A Giant Among His Peers

His first name is Jose - not 'little', 'diminutive', or 'tiny'. Baseball people love to add those size designations when they talk about him, because he is the shortest man in Major League Baseball. Critics insisted it was a joke when he was called up to the Astros in mid-2011 and became the starting 2nd baseman. No man standing 5'6" tall could possibly play big league baseball, they chortled.

Now close to the end of his third full season (4th overall), Jose Altuve is resoundingly proving the critics wrong. He may be short, but he plays far bigger than his size. For all intents and purposes, Altuve is a giant among Major League baseball players.

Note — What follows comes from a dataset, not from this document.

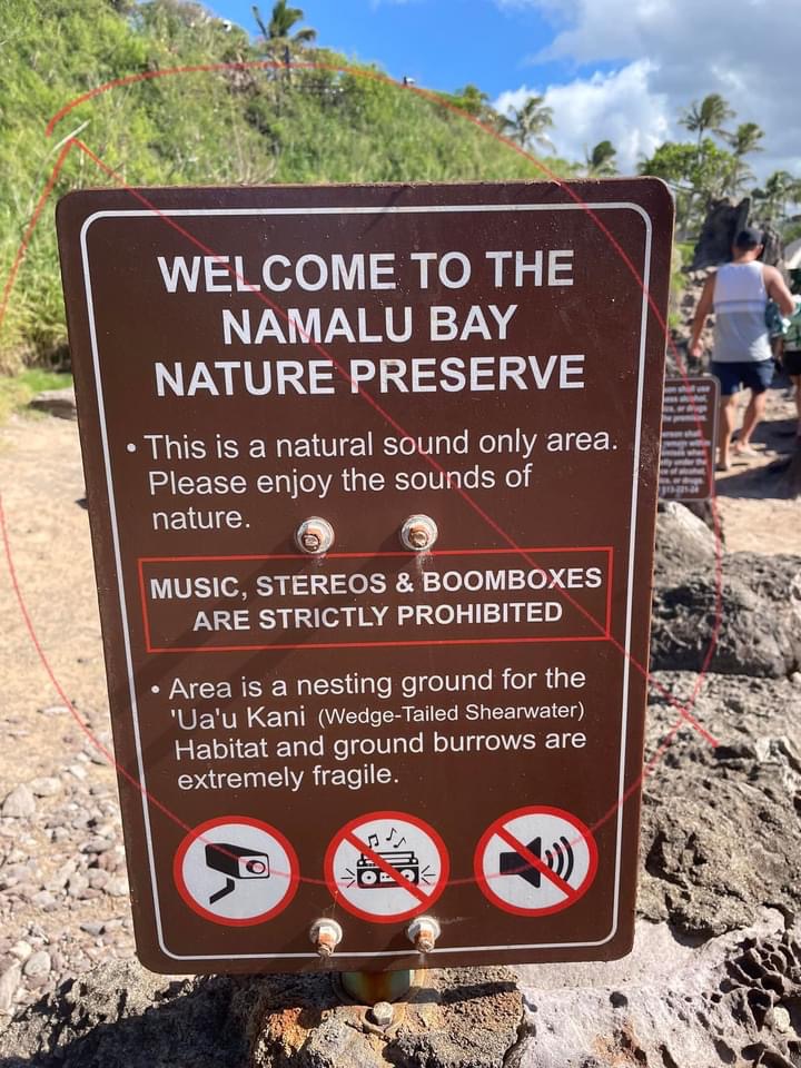Yantis more recently erected signs that refer to “Namalu Bay Nature Preserve” and ask people to enjoy the sounds of nature. It also notifies people about nearby ʻuaʻu kani habitat. “Music, stereos and boomboxes are strictly prohibited,” according to the signs.

Altuve has improved steadily since he hit .276 in 57 games for the Astros in 2011. In 2012, he hit .290 with 167 hits, and 33 stolen bases (to lead the Astros in all three lists), and .283 with 177 hits, and 35 stolen bases in 2013 (again, leading the Astros). With his often spectacular and always solid play at 2nd base, Altuve has quietly become a team leader on the field and in the dugout.

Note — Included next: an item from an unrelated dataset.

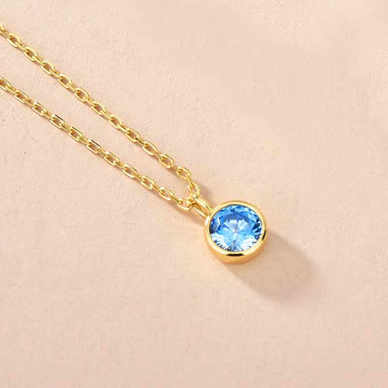 A stunning zodiac birthstone necklace in gold with a deep blue zircon stone.

In 2014, Altuve continued to shine. As of this writing, Altuve leads all Major League players in hits with 213, twenty-eight more than the nearest competitor. He is the MLB leader in batting average at .344 (11 points higher than 2nd place), and multi-hit games with 65 (ten more than 2nd place).

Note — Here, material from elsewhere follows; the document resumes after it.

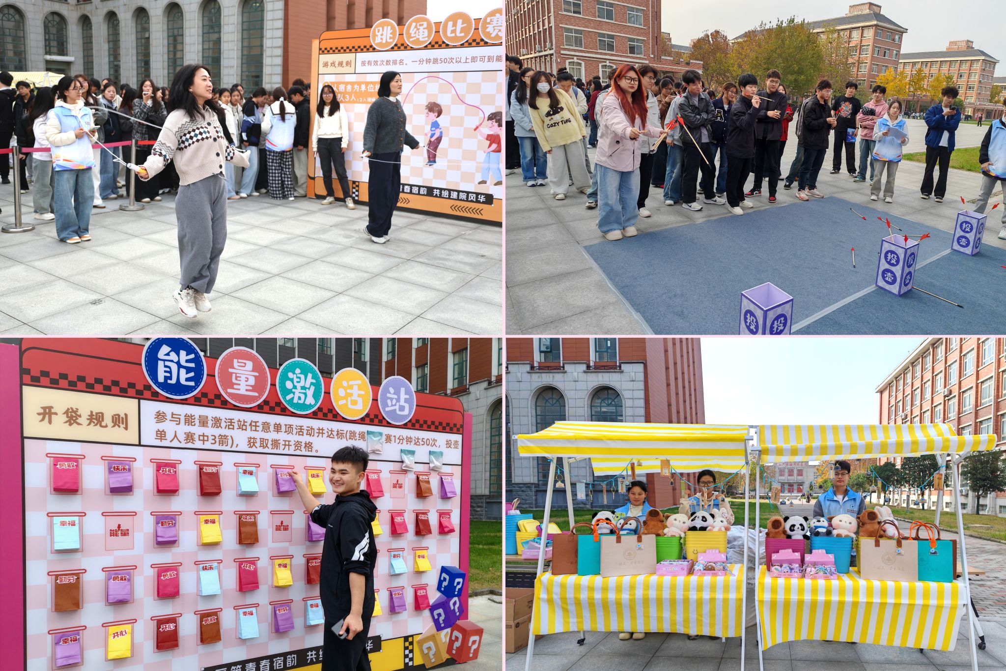 开幕式后,跳绳、投壶比赛率先拉开帷幕,现场气氛热烈高涨,同学们踊跃参与,两场赛事累计参赛人数近1000人。其中,跳绳比赛以宿舍为单位组队,将集体协作精神融入竞技比拼,充分彰显宿舍凝聚力与向心力;投壶比赛为单人项目,以传统民俗活动为载体,让中华优秀传统文化在校园场景中得以传承与活化。

On September 17 at Houston's Minute Maid Park, Altuve stepped to the plate in the bottom of the 5th inning and stroked a double to left field. With that, his 43rd double of the season (3rd place in MLB), he joined long time Houston favorite Craig Biggio at the top of the team's all-time single season hit list.

Two innings later, with Biggio again watching from a seat behind the plate, Altuve drove a two-out single up the middle to stand alone at the top. It was Altuve's 6th straight multi-hit game, and his 64th multi-hit game of the season.

In typical Altuve fashion, he ran to first base and stood on the bag as though nothing special had happened. Most record breakers pump their fists in triumph or show some other sign of self-congratulation. We expect this, and there is nothing wrong with an athlete celebrating a personal victory, however, Altuve's reaction was perfect for the occasion, and typical of the way he plays the game. Possibly in deference to the great Biggio (a Houston favorite), and because Jose is a humble, respectful man, there were no such gestures.

Altuve is still vying for the batting championship – something no Houston player has ever won. Of the great Astros hitters like Biggio, Jeff Bagwell, and Lance Berkman – the greatest players in Astros/Colt .45s history – none won a batting title.

Even if Altuve doesn't win a batting championship, he is still the Houston Astros all-time single season leader in hits. That automatically places him in a position of being a giant among his peers.

Update: On Sunday, September 28, in the final game of the season, Altuve went 2-4, while 2nd place Victor Martinez had no hits. Altuve is the first batting champion in the history of the Houston Astros/Colt .45s.